Value of Virtual Goods
Gamers have long recognized the value of virtual goods, even if they don't provide any in-game benefits at all. Games like "Fortnite" generate millions in profits from cosmetic goods alone. "Halo Infinite," which just entered beta, is free to play in multiplayer for the first time in its 20-year history. Why? Because there is a very large store where you can individualize your character. The concept of virtual embellishment works, as the last few years have proven.
But why should publishers like Electronic Arts or Ubisoft give up revenue that they currently earn from the sale of digital items and game cards? If the item can only be sold or even gamed once, the trade from that point on remains outside the revenue pot from the publisher itself - a minus game, right? That's not quite the case, as experts explain: "For art sold as NFT, artists have fought hard for a percentage of ten percent of the secondary sale price and have sort of defined it as the standard."

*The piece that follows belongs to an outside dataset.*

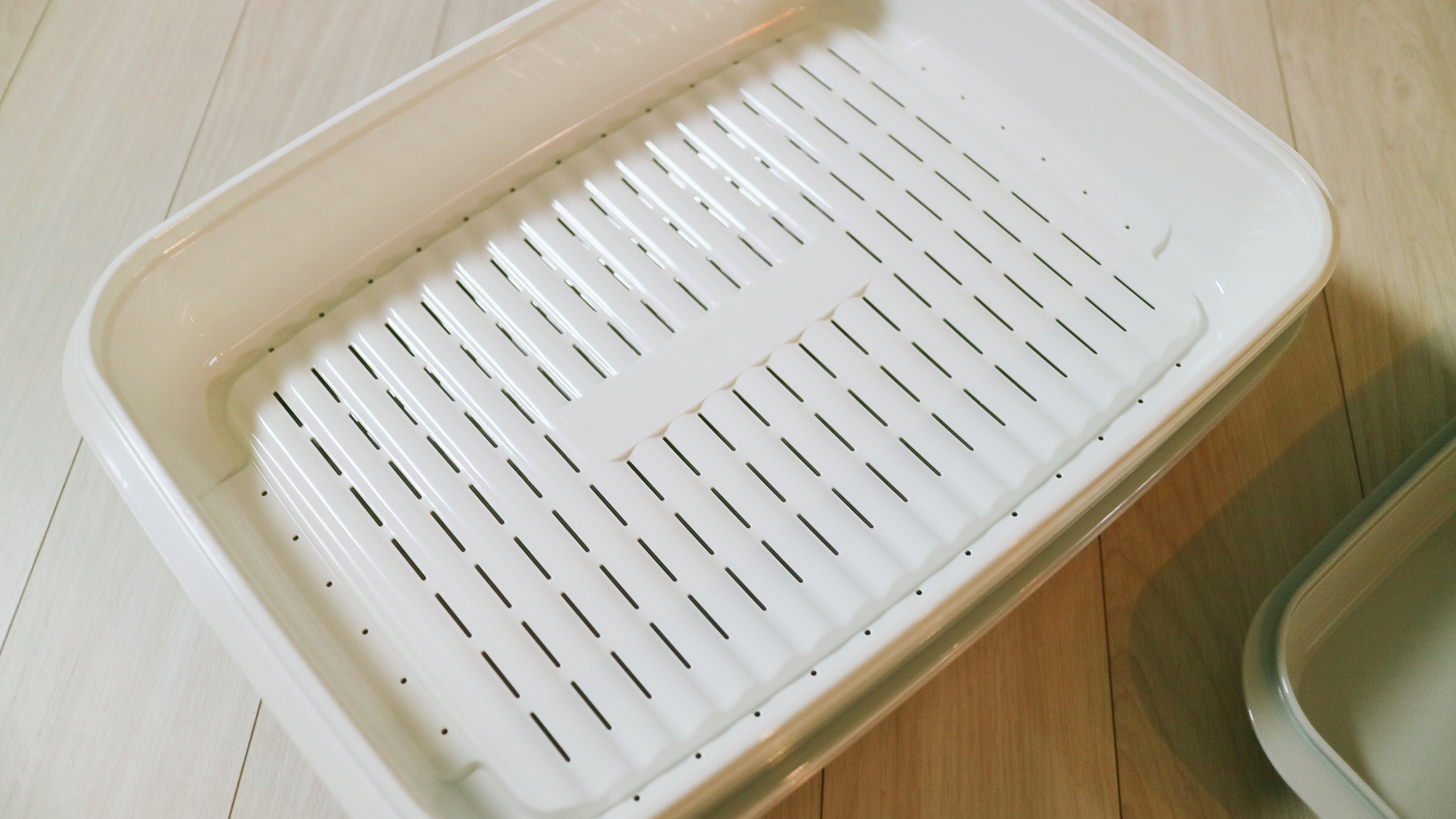 제품은 2개 채반용기가 있는데, 1개 채반 용기에 뚜껑과 채반, 바디가 있다. 쟁반 겸용으로 사용할 수 있는 뚜껑과 물기나 기름 받칠 때 좋은 채반이 구성되어 있는 보관용기가 특징이다.

Most vendors currently abide by this agreement, even if the legal framework is still lacking. This would mean that EA and all other companies earn on every transfer, even among players themselves, as they are the creator of the NFT.
No Wallet, no Money
The biggest hurdles for the step into the mass market are certainly the current lack of knowledge about the topic and the associated skepticism. But this is only a matter of time, say experts: "On many websites and third-party services, it has long been possible to connect to your existing Google or Facebook account without having to create a new user account there. That's how it will be handled with cryptowallets as well."
Credits for a game can then be drawn from one's own wallet, if the game supports it, or the publishers will find a way to use one account for multiple purposes."In the near future, blockchain will be running in the background, and what we see will look like everything we know so far." The difference, according to them, is simply more transparency for the user.
When CEOs and marketing managers of large corporations talk about NFTs with shining eyes, gamers are allowed to express concerns toward this development. If the forecasts in the background did not speak of more sales, Electronic Arts and others would not want to go down this path. However, earning money is legitimate, after all, the publishers should continue to publish games in the coming years and decades. There are sensible uses for NFTs.
Sensitive data could be better protected in the future. Playable items could be detached from previously centralized environments and players could decide where else to use them. There are a lot of ideas that will be tried out in the next few years. Still, and all experts agree on this, the implementation of NFTs in games will not reach the mainstream. "Blockchain, NFTs, and cryptocurrencies are on everyone's lips at the moment and are already being celebrated as the next big step in Internet technology.”